7. TIME.--Menstruation in this country usually commences at the ages of from thirteen to sixteen, sometimes earlier; occasionally as early as eleven or twelve; at other times later, and not until a girl be seventeen or eighteen years of age. Menstruation in large towns is supposed to commence at an earlier period than in the country, and earlier in luxurious than in simple life.

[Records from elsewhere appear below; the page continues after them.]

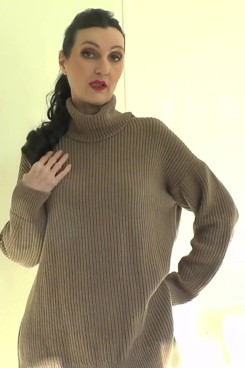 Today I'm wearing a thick, loose, long turtleneck sweater! I'll show you my sweater, you can sniff my sleeves. I'll come closer, you can rub your face against my sweater. My sweater is so cozy and warm. Oh look, you've got a big bulge in your pants again! Start masturbating! I'll rub my soft sleeves against your face. You can really indulge your sweater love! Finally, you can cum on my sweater!
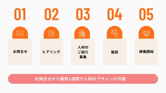 お問い合わせをいただいてから最短1週間でプロ人材をアサインできます。専任のコンサルタントが丁寧にご説明いたしますので、お気軽にお問い合わせください。
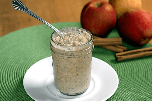 Open, add apple puree (you can also add pieces of fresh apple if desired) and mix gently.
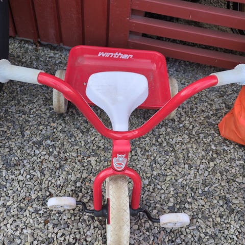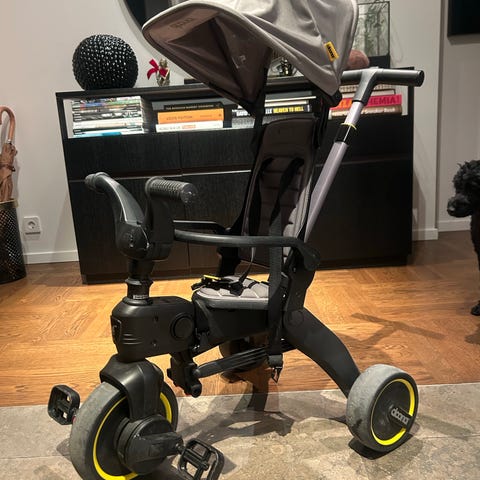 Fin trehjuling med solskydd och ett höjbart tandtag som man kan hålla i och svänga med
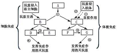 51.(12分)右图是人体特异性免疫的过程示意图(图中序号表示过程,英文字母表示细胞),请回答:
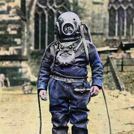 Tardaba tanto en ponerse el enorme y pesado traje de buzo (90 kilos) que, cada vez que se tomaba un descanso, solo se la quitaba la escafandra para comer y fumar su pipa.
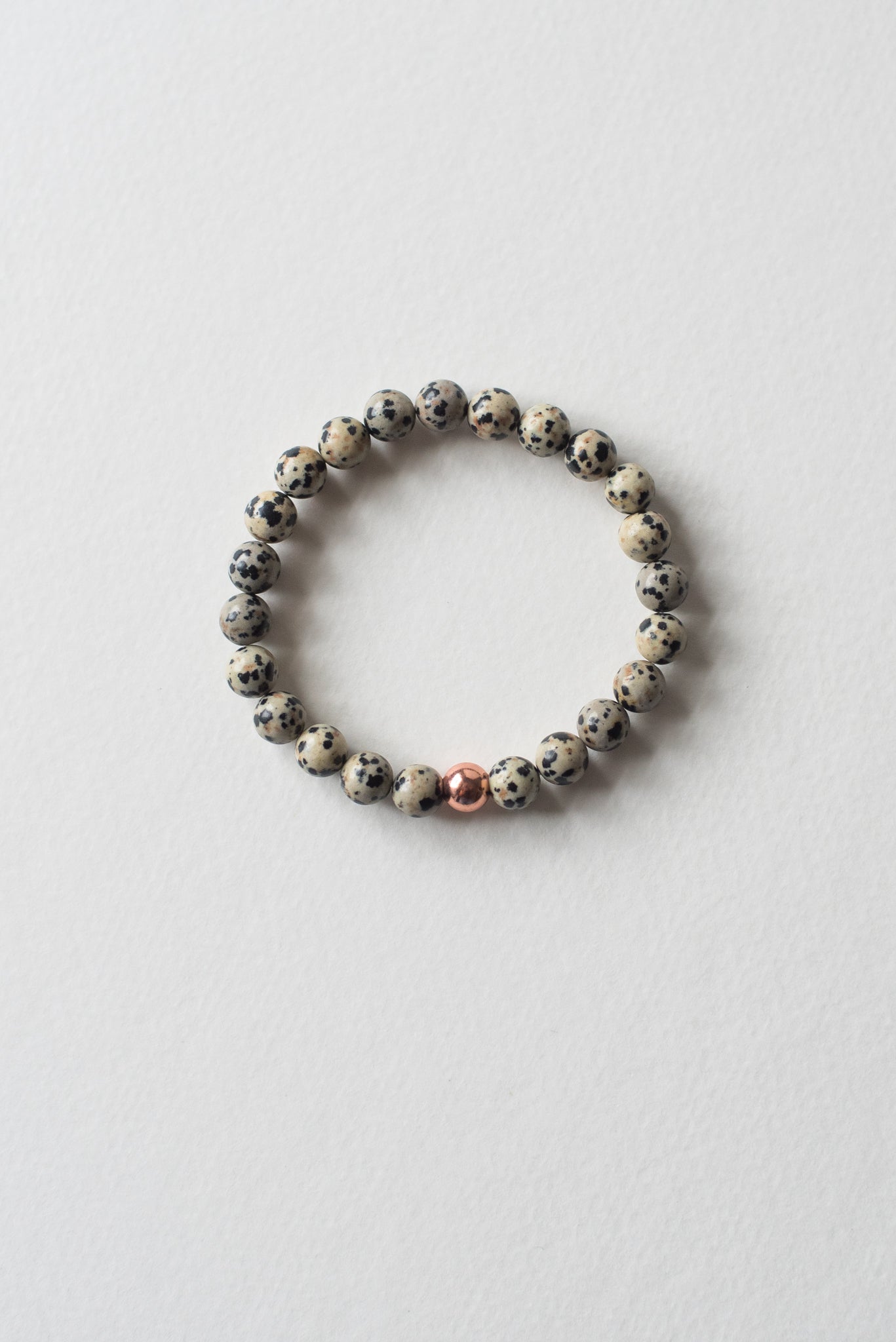 Handcrafted stretch strand of dalmatian jasper with solid copper accent.
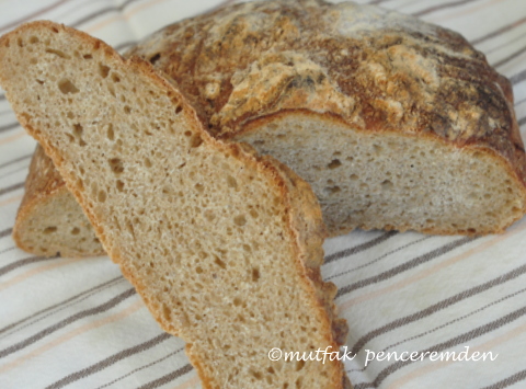 Aslında bu kadar söz söyleyene kadar kendi ekmeğinizi kendiniz yapınız desem de olurdu değil mi? Serde azıcık gevezelik olunca olmuyor işte… Size, zaman zaman yaptığım ekmeklerin tariflerini vermiştim, ancak insan yapa yapa deneyim kazanıyor ve daha öncekilerden daha iyi sonuç alınca da bunu paylaşmak istiyor.Artık  ben de  ekmeklerimi kalıpta veya tencerede değil de çeşitli boylarda somunlar halinde pişiriyorum. Bugün size yine en kolayından, neredeyse artık gözü kapalı yapabildiğim instant toz mayalı  tam buğday somun ekmeği tarifini vereceğim. Zaten, evde daha önceden hazırladığım ekşi mayayı kullanarak yaptığım ekmeğin tarifini , ekşi maya ve *ön mayaya ait  bilgileri“https://mutfakpenceremden.com/2012/01/05/eksi-maya-ve-e…ekmegi-tarifim/ ‎”de bulabilirsiniz. i Nohut mayalı ekmeğim ve içine çeşitli katkıların olduğu  değişik ekmeklerim ise yolda…

8. CHARACTER.--The menstrual fluid is not exactly blood, although, both in appearance and properties, it much resembles it; yet it never in the healthy state clots as blood does. It is a secretion of the womb, and, when healthy, ought to be of a bright red color in appearance very much like the blood from a recently cut finger. The menstrual fluid ought not, as before observed, clot. If it does, a lady, during "her periods," suffers intense pain; moreover, she seldom conceives until the clotting has ceased.

9. MENSTRUATION DURING NURSING.--Some ladies, though comparatively few, menstruate during nursing; when they do, it may be considered not as the rule, but as the exception. It is said in such instances, that they are more likely to conceive; and no doubt they are, as menstruation is an indication of a p.r.o.neness to conception. Many persons have an idea that when a woman, during lactation, menstruates, her milk is both sweeter and purer. Such is an error. Menstruation during nursing is more likely to weaken the mother, and consequently to deteriorate her milk, and thus make it less sweet and less pure.

10. VIOLENT EXERCISE.--During "the monthly periods" violent exercise is injurious; iced drinks and acid beverages are improper; and bathing in the sea, and bathing the feet in cold water, and cold baths are dangerous; indeed, at such times as these, no risks should be run, and no experiments should, for the moment, be permitted, otherwise serious consequences will, in all probability, ensue.